The embodiment discloses a helmet detection electronic device based on improved YOLOv5s, including: the system comprises a processor, a communication interface, a memory and a communication bus, wherein the processor, the communication interface and the memory are communicated with each other through the communication bus;
a memory for storing a computer program;
a processor for implementing the method steps of any of the embodiments when executing the computer program.

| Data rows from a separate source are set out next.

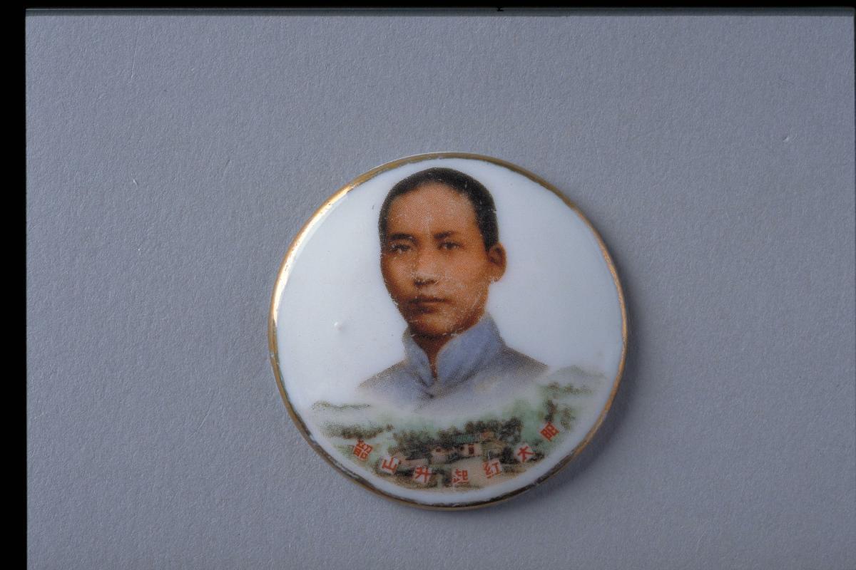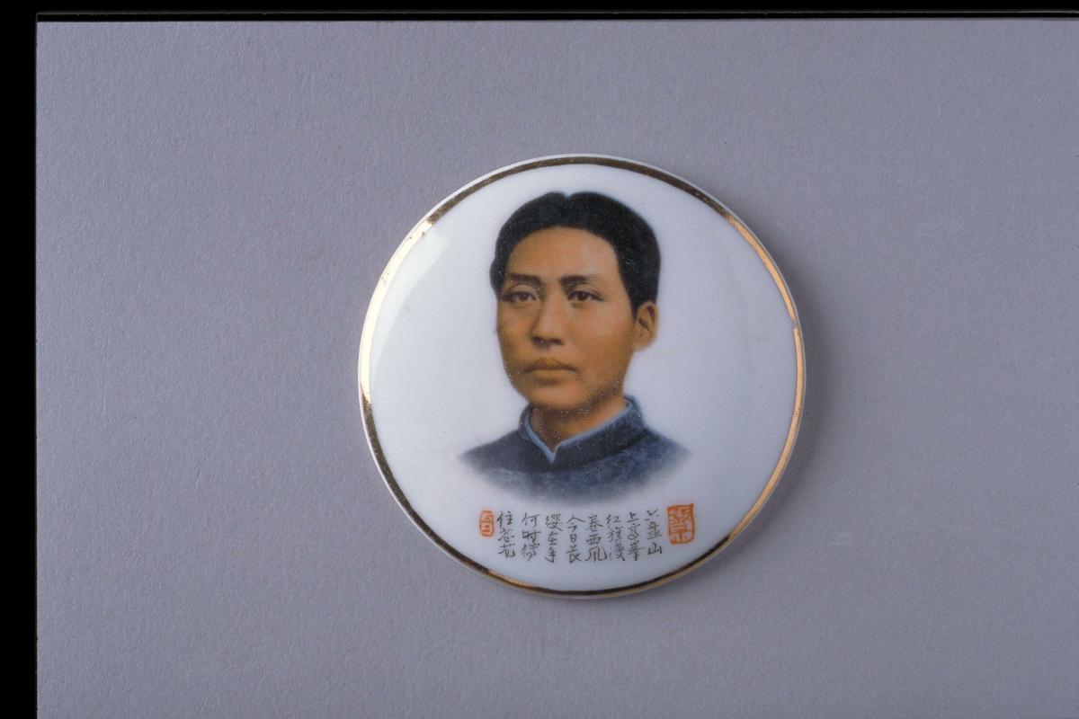Huge numbers of badges were produced at the height of the Cultural Revolution, from 1966 to 1969. Materials ranging from plastic and bamboo to gold were used to manufacture badges but aluminium was by far the most common material. Porcelain badges such as these were actually produced for only a short span of time (about a year). Their fragility may have contributed to the decline in their production. This one in chipped in places and not in very good condition.It has been estimated that up to five billion badges were made, sporting over 100,000 different designs. Many different organisations produced badges that included the central government, army units, factories and revolutionary committees. Badges were created by different groups as an emblem of identity, to commemorate special events or to serve as rewards for model workers.
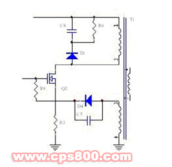 在開關管Q2截止期間,開關變壓器T1初級繞組存儲的能量經次級繞組的耦合,二極管整流供負載。
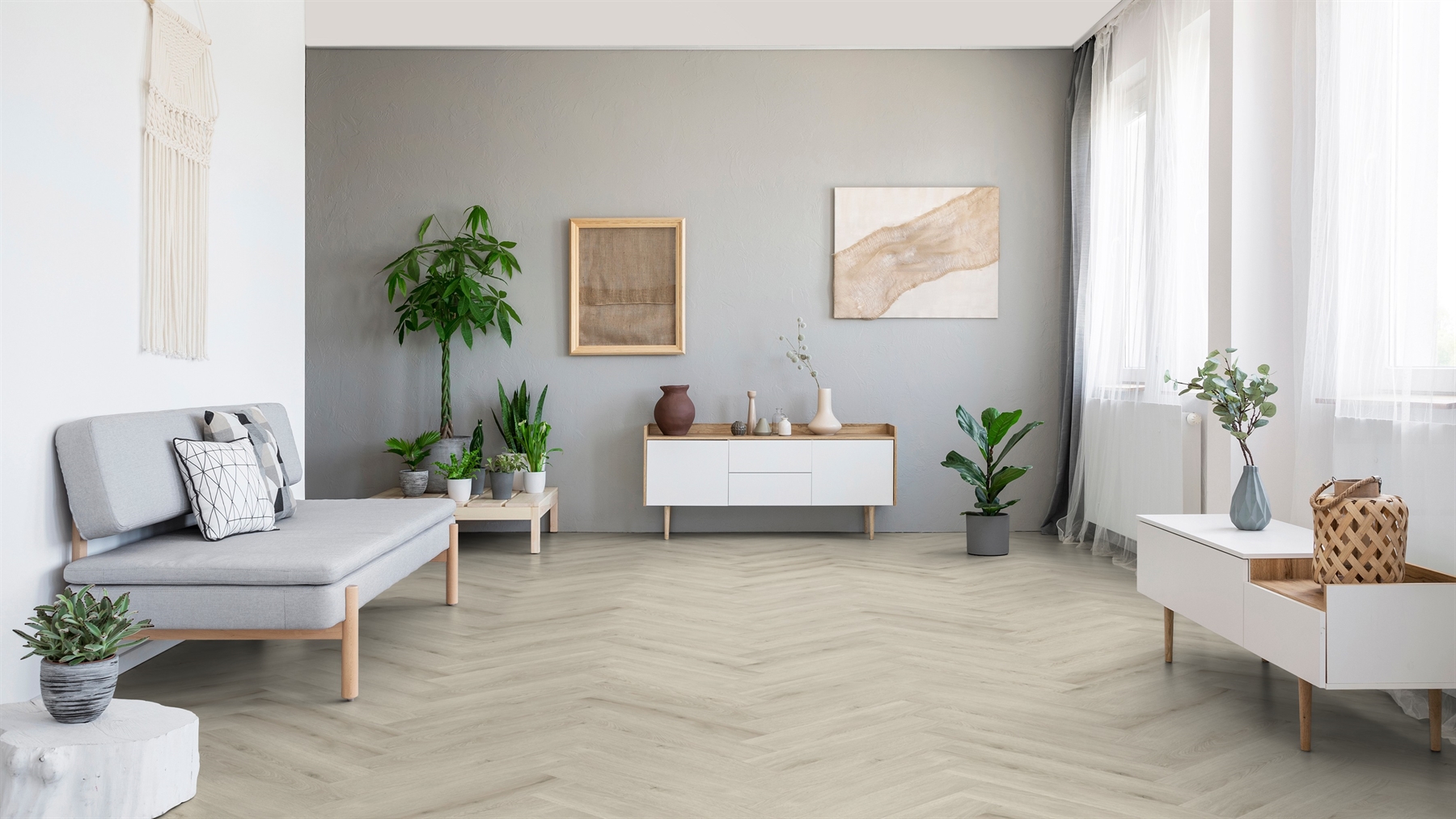 Introduce timeless elegance with a modern edge using Lamett Mantaro Herringbone Glue Down LVT in Fossil (5611). This refined herringbone design features a cool, grey-toned wood effect that brings a sophisticated and contemporary feel to any interior. The subtle grain detail and matte finish add depth and texture without overpowering the space.
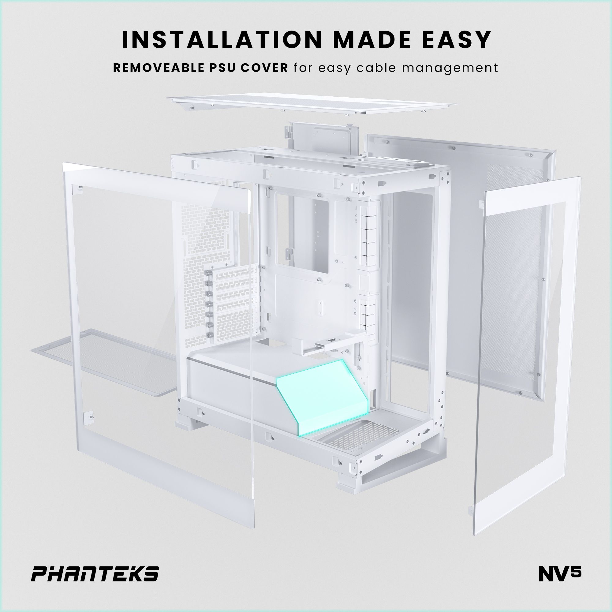 | Phanteks NV5, Mid-Tower Chassis, Integrated D/A-RGB, Tempered Glass (White) |
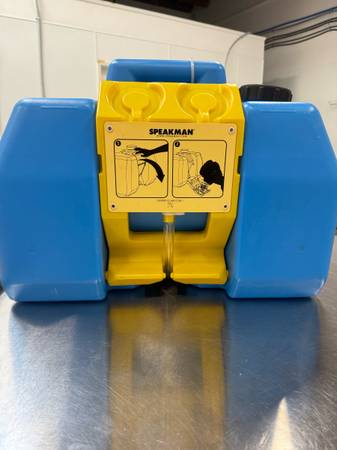 Speakman SE-4400 9 Gallon Portable GravityFlo Eyewash Station with Mount In clean, excellent condition. Comes with board for wall mounting with a bracket that holds it.
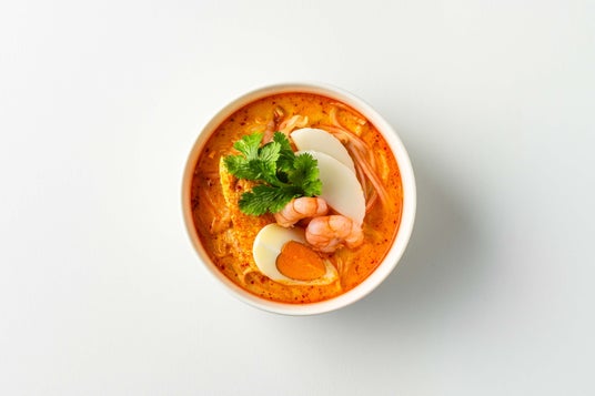スパイシーでありながらマイルド。ハーブの風味豊かなエビ出汁にココナッツミルクを合わせた濃厚なスープのライスヌードル。トッピングとしてエビ、かまぼこ、油揚げがのっています。
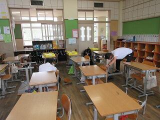 家庭訪問期間中に、学級担任以外の先生方が子ども達の机・椅子の高さ調整を行ってくださいました。子ども達の体格に合った高さにすることで、無理のない姿勢で集中して学習できるようにすることをねらっています。「先生、高さを調整してくださり、ありがとうございました。」とお礼を伝える児童もおり、作業した先生方はとても喜んでいました。
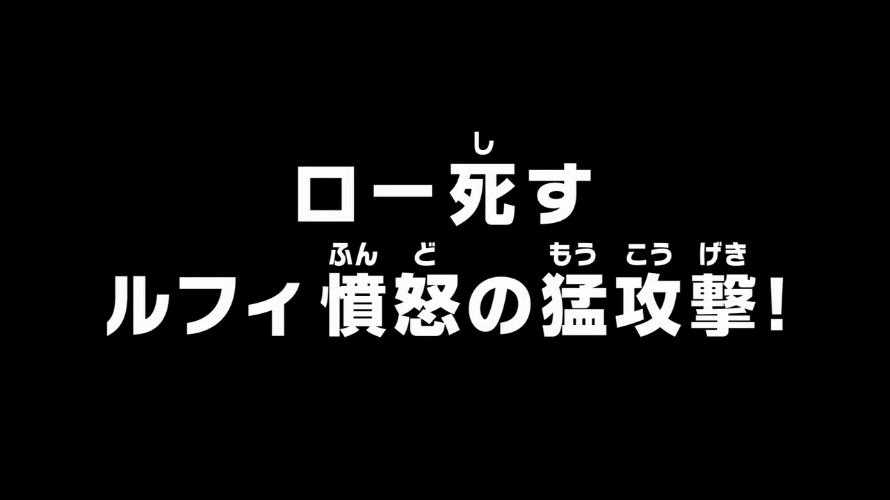 Retour au présent : Viola a annoncé à ses compagnons la mort de Trafalgar Law et tous gardent le silence devant cette terrible nouvelle. Après avoir écouté sa fille, Riku décide de descendre dans la ville basse pour sauver le plus possible de gens d'une mort certaine et il est bientôt suivi par de nombreux citoyens, trop heureux de servir à nouveau leur ancien souverain. Pendant ce temps, Doflamingo regarde Law se vider de son sang et a toutes les peines du monde pour calmer sa colère. Trebol réussit à le dérider et Doflamingo savoure l'idée de récupérer bientôt le Ope Ope no Mi. Alors qu'il s'apprête à réduire le périmètre de la "Cage à Oiseaux" qui enveloppe l'île, Luffy fait son apparition bien décidé à régler son compte. Doflamingo le regarde et lui annonce qu'il est arrivé trop tard pour sauver son ami après avoir appris que Luffy avait vaincu Bellamy qui avait refusé de fuir. Fou de rage, le Chapeau de Paille utilise son "Elephant Gun" pour frapper son ennemi mais ce dernier arrête son attaque en se servant de ses pouvoirs. Loin de se laisser abattre, Luffy entame un duel à mort avec Doflamingo en se servant de ses techniques de combat les plus puissantes. Soudain, il remarque Law gisant en sang sur le sol. Il essaie de le ranimer mais sans le moindre succès. Il constate que son ami était mort, une situation qui satisfait beaucoup Doflamingo qui continue de narguer le Chapeau de Paille. Celui-ci, excédé par ses railleries, contre-attaque et utilise même la technique de Bellamy pour terrasser Doflamingo et Trebol. Mais le maître de Dressrosa arrête de nouveau ses attaques d'un revers de main.
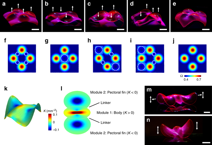 研究人員還開發了基于模塊化概念的設計規則,以創建更復雜的結構,包括具有編程順序運動的仿生結構,這使得形狀更為動態以便在空間中移動。研究人員還可控制結構改變形狀的速度,從而創建出更為復雜的類似于魚兒水中游的連續運動。
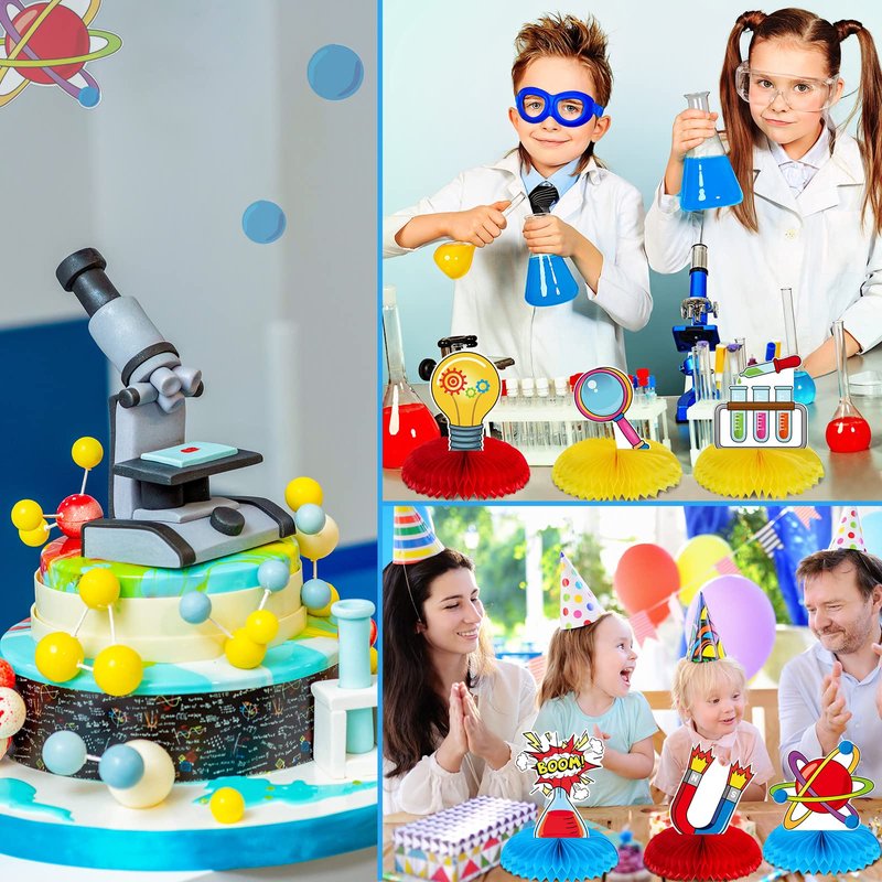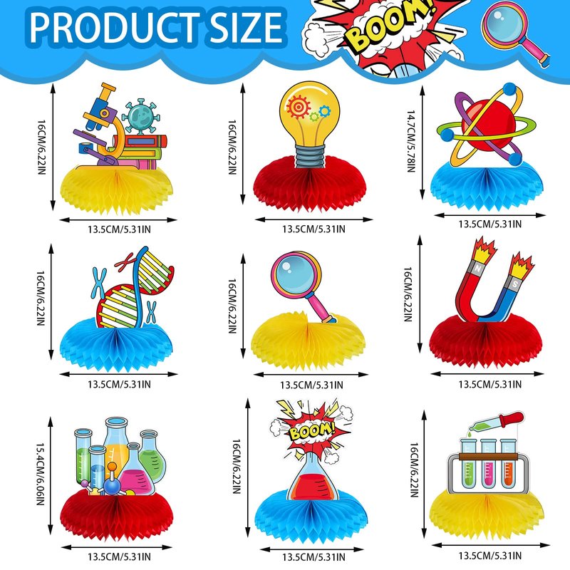 - Science Party Decor Kit: there are 9 pieces of science party favors honeycomb centerpieces in different styles, including light bulb, magnet, magnifying glasses, lab bottles, etc.; That is a fun way to decorate your party with the colorful and interesting science party decoration set

The helmet detection electronic device based on the improved YOLOv5s provided by the embodiment of the present invention can implement the above method embodiments, and the implementation principle and technical effect are similar, and are not described herein again.
Example four
Yet another embodiment of the present invention provides a computer-readable storage medium having stored thereon a computer program which, when executed by a processor, performs the steps of:
constructing a YOLOv5s-Light target detection framework;
training the YOLOv5s-Light target detection frame by using a target image training set to obtain a YOLOv5s-Light target detection training frame;
inputting an image set to be detected into a YOLOv5s-Light target detection training frame to obtain a target detection set;
and detecting the target detection set by using a riding detection algorithm to obtain a target detection result.
The computer-readable storage medium provided by the embodiment of the present invention may implement the above method embodiments, and the implementation principle and technical effect are similar, which are not described herein again.
The foregoing is a more detailed description of the invention in connection with specific preferred embodiments and it is not intended that the invention be limited to these specific details. For those skilled in the art to which the invention pertains, several simple deductions or substitutions can be made without departing from the spirit of the invention, and all shall be considered as belonging to the protection scope of the invention.